_What is being asked:_ The lines to be extracted begin at the line containing "Вариант 2 1." and end at the last line of the data below; copy them exactly and leave out the pictures.

_Raw data:_
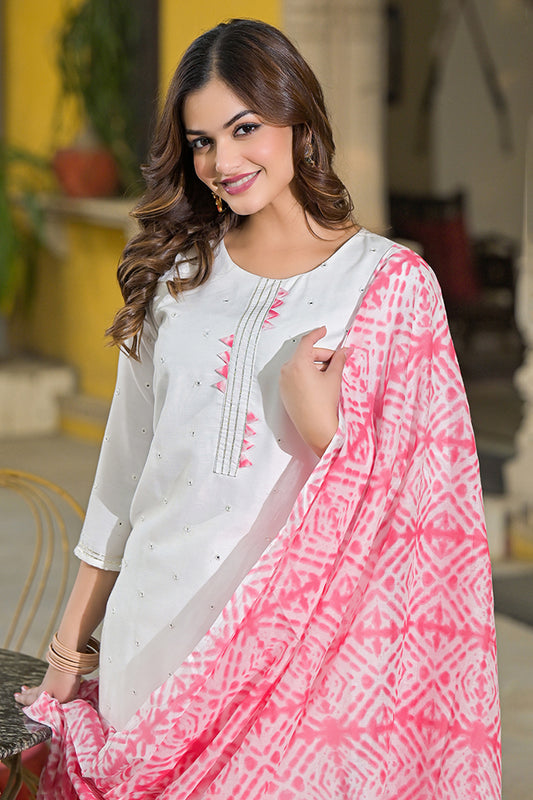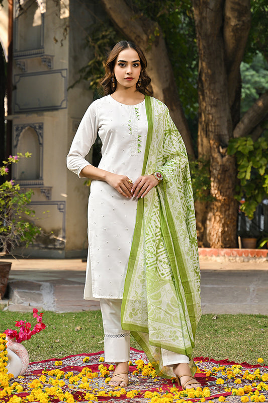 White Pure Cotton Floral Printed Straight Suit Set JPSKD1036GRN
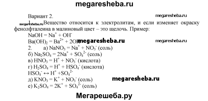 Вариант 2 1. К какому классу неорганических соединений относят вещество, если его водный раствор хорошо проводит электрический ток и изменяет окраску индикатора фенолфталеина в малиновый цвет? Напишите формулы двух таких веществ и составьте уравнения их диссоциации. 2. В растворе обнаружены следующие ионы: Na^+, NO3^-, Н^+, SO4^2- , К^+. При растворении каких веществ могли образоваться такие ионы? Напишите формулы этих веществ и уравнения их диссоциации. Назовите классы неорганических соединений, к которым относят эти вещества.
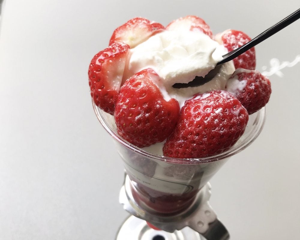 実はケーキ以外にも季節ごとの旬なフルーツを使用したパフェが、毎回話題になっているんです。こちらは撮影時、期間限定の「プレミアム苺パフェ」。
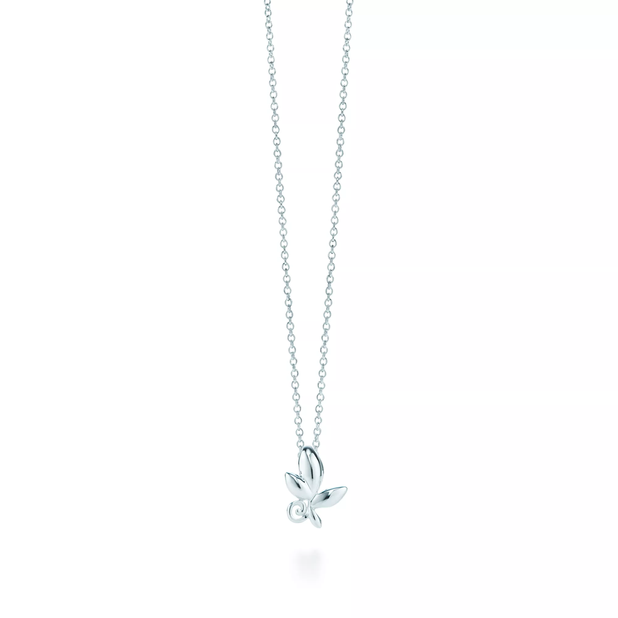 Inspired by the olive branch, a symbol of peace and abundance. Pendant in sterling silver. Size mini, on a 16" chain. Original designs copyrighted by Paloma Picasso.

_Expected answer:_
 Вариант 2 1. К какому классу неорганических соединений относят вещество, если его водный раствор хорошо проводит электрический ток и изменяет окраску индикатора фенолфталеина в малиновый цвет? Напишите формулы двух таких веществ и составьте уравнения их диссоциации. 2. В растворе обнаружены следующие ионы: Na^+, NO3^-, Н^+, SO4^2- , К^+. При растворении каких веществ могли образоваться такие ионы? Напишите формулы этих веществ и уравнения их диссоциации. Назовите классы неорганических соединений, к которым относят эти вещества.
 実はケーキ以外にも季節ごとの旬なフルーツを使用したパフェが、毎回話題になっているんです。こちらは撮影時、期間限定の「プレミアム苺パフェ」。
 Inspired by the olive branch, a symbol of peace and abundance. Pendant in sterling silver. Size mini, on a 16" chain. Original designs copyrighted by Paloma Picasso.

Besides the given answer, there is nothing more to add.